TOMMY PIXELS revels in chaos on his refreshing debut ‘TOMMY+ EP’
Throughout NYC-based artist TOMMY PIXELS’ deliciously named inaugural DJ set “MEAT MIX,” there are moments that just click. Here you’ll find Alice Deejay’s familiar early-Internet hit “Better Off Alone” intersecting with Drake’s recent dance-move inventing “Toosie Slide” and unexpectedly forming sparks. Ariana Grande and Dido rub elbows on titular twins “thank you, next” x “Thank You,” seamlessly melding within your mind to create an inescapable earworm. The Beach Boys’ “Wouldn’t It Be Nice” is chopped up, flayed, and skewered, allowing PIXELS to give us a modern take on a classic that we’ve all heard before. The songs on “MEAT MIX” not only make for a great summary of pop music from the last 20-something years, but it also offers us a glimpse into the mind of a pop anarchist’s playbook. Familiar songs are made unfamiliar. Twists and turns lead the mix to unpredictable places. PIXELS actually turns Justin Beiber’s “Yummy” into a song I would want to listen to. “MEAT MIX” is therefore a very successful exercise in creating a charcuterie of omnipresent choice pop cuts that manage to sound fresh and exciting–despite the fact that they’re all already well-known.
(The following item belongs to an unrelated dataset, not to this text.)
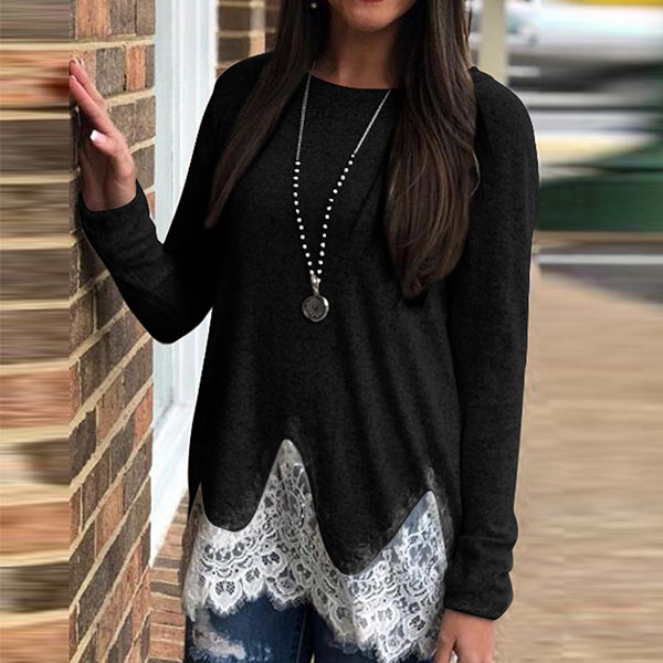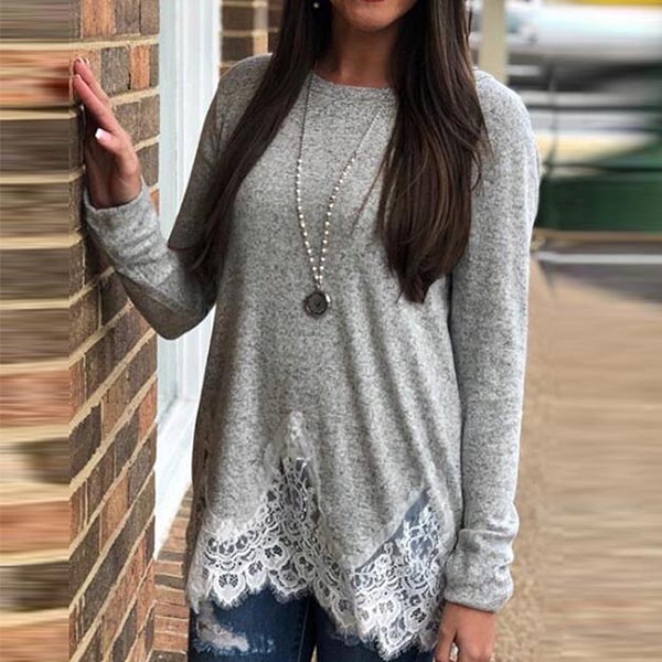soft fabric and a loose silhouette,this t-shirt can ensure you a comfortable day,while the lace spliced
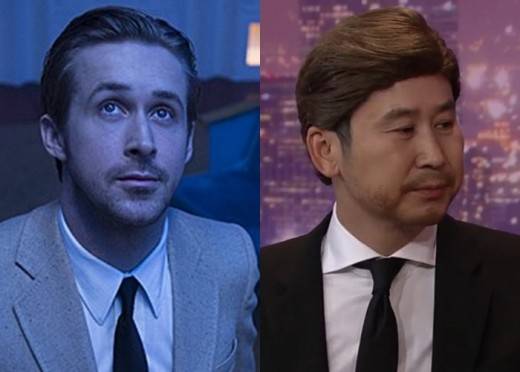재즈 피아니스트로 여주인공을 나름대로 지고지순하게 사랑하던 순정마초 세바스찬을 연기한 라이언 고슬링과 닮은꼴은 바로 개그맨 신동엽. 라이언 고슬링은 이미 오래 전부터 국내 팬들에게 신동엽을 떠올리게 하는 배우로 알려졌다. 신동엽과 라이언 고슬링 모두 '모여라 눈코입'이라는 별명이 어울리는 스타이기 때문.

But perhaps what “MEAT MIX” does even better is showcasing the three songs that are obviously not part of the established pop canon (the true “meat” in the mix, if you will). The songs on TOMMY PIXELS’ debut EP, TOMMY+, are interspersed throughout the set, somehow managing to accomplish the difficult task of outshining the pop songs that they’re juxtaposed against. As it turns out, PIXELS’ own bizarre creations pack a meaty punch. Filled with warped clashing and discordant fervor, the two minute songs on TOMMY+ offer a skewed take on what pop means to the artist in its own bizarre ways.
Here, pop music borrows the sounds of the LA and Brooklyn underground club scenes where PIXELS spent a lot of his time developing his musical style. That much is quite clear–layers upon layers of hearty, noisy samples reminiscent of tightly packed spaces form the building blocks of the EP’s dizzying, pitch-shifting atmosphere. Rumbling, deep sludgy house music permeates EP opener “SUCCESSFUL + RELATIONSHIP,” throwing you headfirst into a universe that immediately feels steamy and deliberately controlled. “OUTSIDE” samples breaking glass and digitally manipulated blips, creating a frantic, choked atmosphere that slams you with urgency. EP closer “HOME+VIDEO,” the only song with something resembling words that you can latch onto, plays off of a heated siren loop that doesn’t let up until the last second. It’s fitting that the one discernible line that can be made out is, “I don’t remember much, but I remember you”–a self-aware warble that sums up the catchy messiness of TOMMY+ perfectly.
At only six minutes, TOMMY+ is short enough to give us a taste of what PIXELS is all about… without completely overwhelming its listeners. Contained chaotic catharsis, even in small doses, can be a wild trip. Even as I sit here replaying TOMMY+ for the hundredth time, there’s something new that I can make out from the layers of sound–a murmur here that somehow slipped under the radar, a warbly groan there that forms the peripheral backbone of headbanging moments. The incessant whirring that suggests that there is always something more. There’s just so much going on within such a short time-frame.
Whether it’s being played on its own or contextualized as part of a longer mix, the strident songs of TOMMY+ just come alive.
Additional production and engineering on TOMMY+ was done by Matt West and Bryce Barsten.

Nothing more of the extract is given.